Patrick hosts karaoke at the Monkey Pub in the U-District on Friday nights from 10 to close. These are his stories [dun-dun!].
All the time, people are coming up to me and saying, "Hey, Patrick! Is it possible to get laid using karaoke?" Well, sure it is! People get laid all the time singing karaoke songs! Probably! Nothing says "I am possibly interested in lowering my sexual standards by up to 80 percent tonight!" like listening to people sing songs they didn't write! And drinking!
The trick is to know what song to sing, and so I've prepared, with only the filthiest modicum of thought and experience, the following guide. Here is what you can expect when you sing the listed songs:
"Jack & Diane" by John Cougar Mellencamp Handjob.
"All Star" by Smashmouth Clumsy handjob.
"Refrain, Audacious Tar" by Gilbert and Sullivan Hookjob.
"What's Up?" by 4 Non Blondes Five drops of dishwasher soap in the washing machine can help get the patchouli out of your sheets. LINE DRY ONLY!

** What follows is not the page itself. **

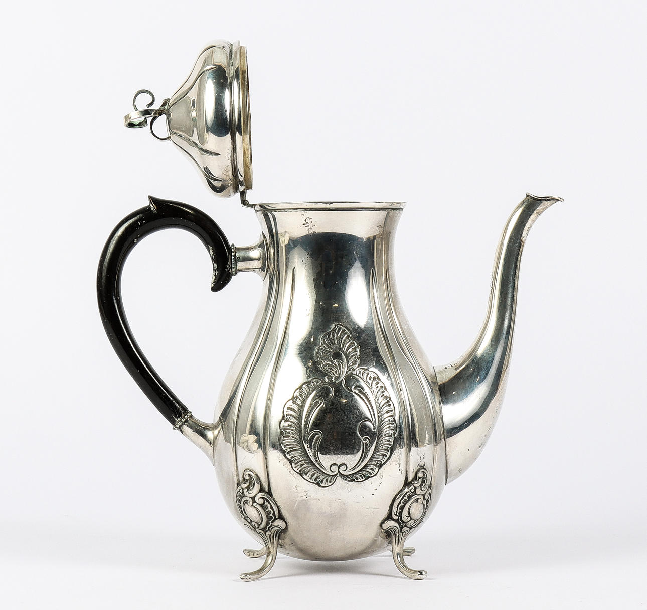 5024822. SERVING POT silver, with wooden handle.

"Me and Mrs. Jones" by Kenny Gamble, Billy Paul, Daryl Hall, possibly Howie Mandel, etc. Expect a torrid affair whose sexual energy is perpetuated only by meeting in the same cafe at 5:30 on Tuesdays for iced hazelnut lattes and then going back to the motel whose sordidness and dirt only fuels the raging fire of passion that burns with the intensity of a thousand efficient LED lightbulbs until stagnation inevitably sets in and you realize that the best years of your life have been wasted on a woman whose torrid doesn't torrid as hard as it used to/man who is Daryl Hall. Recommended.

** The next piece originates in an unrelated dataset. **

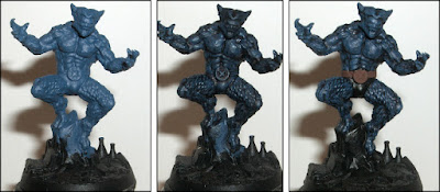 The founding member of the X-Men was then layered in pure "Vallejo" Heavy Blue, before being drenched in plenty of "Citadel" Drakenhof Nightshade and dry-brushed with (more) "Vallejo" Heavy Blue. I next carefully 'picked out' the hairy mutant's belt with a couple of coats of Skulker Yellow by "Two Thin Coats", and ensured that any flat areas still allowing some of the "Vallejo" Heavy Blue to show through were subsequently given a lick of "Two Thin Coats" White Star.

"Mother" by Danzig Cut the cord, bro! LOLOLOLOL
"Don’t You Want Me" by Is this by the Human League? I feel like maybe it is, but I don’t want to check. Whatever, if you sing this, you’ll end up having Normal Sex with the person you sing it with. This always happens. It’s boring.
"Jane Says" by Jane’s Addiction This totally works on girls named Jane. So does "Jane" by Starship. And "Sweet Jane," too, though if your Jane was born in the '80s or later, do the Cowboy Junkies one. Normal Sex.
"Panama" by Van Halen Hatepunch.
"What About Love?" by Heart What about it? Skip this one.
"Call Me Maybe" by Carly Rae Jepsen Guys LOVE this song. Fucking sing this song twice. And then, yeah, he’ll call you maybe. From your fucking bathroom cuz he’s using your goddamn toothbrush cuz you totally just did it to each other or whatever and he has to brush his teeth and I don’t know why he’s calling you from your own bathroom, this is just what happens. Jesus fuck this song is so good.